I'm still concerned why I wasn't able to emulate basic PCF using GatherCmpRed. For the vector returned:
float4 s = GatherCmpRed(...);
What sample points do the components map to (top-left, top-right, bottom-left, bottom-right).
s.x = ?
s.y = ?
s.z = ?
s.w = ?
And would I just use COMPARISON_MIN_MAG_LINEAR_MIP_POINT as the comparison filter?
Yeah you are right. Thanks.
I'm still concerned why I wasn't able to emulate basic PCF using GatherCmpRed. For the vector returned:
float4 s = GatherCmpRed(...);
What sample points do the components map to (top-left, top-right, bottom-left, bottom-right).
s.x = ?
s.y = ?
s.z = ?
s.w = ?
And would I just use COMPARISON_MIN_MAG_LINEAR_MIP_POINT as the comparison filter?
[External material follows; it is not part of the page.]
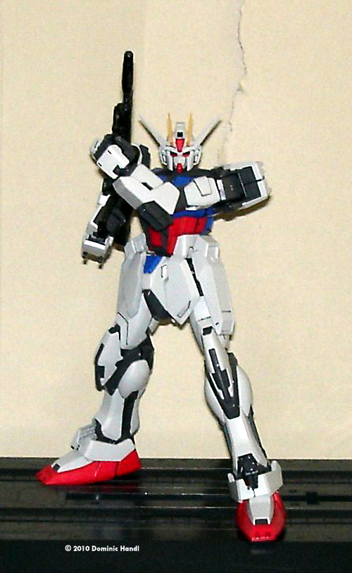 The Strike Gundam is nothing new to me after building the High Grade versions of the Aile Striker and Sword Striker back in 2003. Three years later the Master Grade model of the Gundam was released. I present today this new MG model as my topic for this review. I got the model year ago at a shop here in Hawaii called Toys n Joys. So lets get started… First, I checked all the parts to see if everything was accounted for or if anything was broken. This way I know I have all the parts in the package and I'm able to do the model without any problems. Next, I painted the parts . PaintingI started with the Gundam itself: the Strike Gundam frame. It's the usual multi-purpose prototype mobile suit. Weapons can be installed onto it depending on the conditions of battle. I took all the sprues out of the box and lined them up on the table deciding how to go about building the thing and what to start with. I started with all the sprues containing the skeleton pieces. There were plenty of them: legs, arms, shoulders, and the body frame. I know people have different ways of making models like this. I like to add a bit of realism to my Gundam models, like they have been through some action. As much of it I'm able to do, anyway. To do this, I took some soot black paint and dabbed some of it on an old toothbrush. I used the toothbrush to smear the paint onto the legs, arms, etc. The black streaks give a more real effect to the whole thing, enhancing the appearance of the model. I put those aside and went on the next step, which was the outer covering. The feet and rib pieces I painted red, then used a Real Touch marker (which is a thin ink) in the respective colors of the parts that are being painted to apply a little bit on to the corners of the pieces and spread with a q-tip. This gives it a sort of 'dry brush' effect and it brings out the details more. I did the same with the chest and back pieces, painting them blue and using the blue Real Touch marker. Before adding the dry brush I had to put two to three coats on each piece. I put those aside to dry. I had pieces of the Aile Striker unit from an extra kit that I decided to use on this model. The thing is mostly black with some red parts. The detail on the pieces are pretty good, right down to the boosters. I started off painting the pieces molded in red, the booster pieces, the wing leading edges and the vanes that go on the ends of each of the lower boosters. It took some time to do this, because after painting and dry brushing these pieces I had take a thin brush and paint the boosters inside in a burnt iron/steel color, then thinly apply some soot black to them to make it look like they were burned. After waiting for the pieces that I painted earlier to dry, I took my toothbrush, dabbed some soot black paint on, and I spread the paint on the outer edges of the boosters and going along the length of the vanes of the lower boosters. That was set aside for later. The blackness really shows, making it look like the engines have burns on them. The stock kit's IWSP (Integrated Weapon Striker Pack) unit is molded mostly in white and grey. I had some Zeon grey color I haven't used so I decided to use it. The unit has 4 set of wings and two tailfins. I painted the two main wings first, applying two to three coats on each surface. I moved on to the tail fins and did the same thing, repeating the process on the canards, engine assemblies and the top surfaces of the fantails. Flipping those pieces over I painted the under side with a burned iron/steel color, then applied some soot black color to make it look a bit dirty from the exhaust flames. The boosters were also painted in a burnt/iron steel color on the outside. On the inside I painted that part all black. The vent grills for the engine assemblies I painted a burnt iron/steel color because I didn't like how it looked being red. The intakes were molded in mostly white. It was a bit tricky to paint. I couldn't do the silver and steel tone on them so I just painted the while thing, fans and grills in burnt iron. After that, I did the weapons. The IWSP comes with a gatling shield. I it just caught my eyes. It looked like quite a weapon. The barrel comes in three pieces. I painted each one in a gun metal/steel color. I did the same with the tip of the barrel. Then streaked some burned iron and soot black paint on. In the set were two swords as well. To get the metal effect, I first painted the blade metallic grey then painted the edges a shiny chrome silver color. I did the same with the massive grand slam blade. From there, I went onto the basic weapons. The standard beam rifle I painted that in a gun metal color. I put everything aside and decided to do the other stuff during assembly. Assembly This part can sometimes be hard to decide where to start and what to assemble I was having that trouble. All the parts make it hard to decide. I started by assembling the Gundam itself, with the biggest part first: the chest. The chest is molded in two large halves and has at least five poly-caps inside for the back, abdomen, shoulders and neck. After that, I closed the torso up and put on the outer covering, touching up with paint where I cut the pieces off from the sprue and putting the black panel line details using a micron pen. The lower back and abdomen covers went on first, then the back and chest covers. Then a collar piece and something that looked like a roll cage that went in the middle of the chest. Another neat feature I tried out a few times was the opening cockpit - one of the improvements made from the 1/100 scale High Grade molds. Same with the skeleton and outer shell style of assembly. On to the head. There was no skull to this part so it was a very straightforward assembly. I painted the eyes before I put the face guard on. Then I put the neck joint into the back of the head, put the front over it and closed the whole thing. Lastly, put the “V” on the top. The shoulders were easy: two sid

I think that's the right order, although I'm not totally sure. You could do a simple test where you render the screen coordinate of each pixel to the render target, then use PIX to debug a shader where you call GatherRed and GatherGreen to see XY coordinates that were grabbed.
For Gather I've always just used MIN_MAG_MIP_POINT, never tried LINEAR. I have no idea if LINEAR changes the behavior of Gather in any way.
To clarify: DO NOT try to use GatherCmpRed to speed up PCF!
GatherCmpRed simply gives you the 4 raw depth compares that the hardware uses internally to do PCF. You have to do the bilinear filtering yourself, and there's other overhead that makes it not worth it. Only use it if you're doing a special kernel that doesn't need PCF.
For the sake of completeness, below is some code that does 3x3 PCF samples, and 3x3 gather samples.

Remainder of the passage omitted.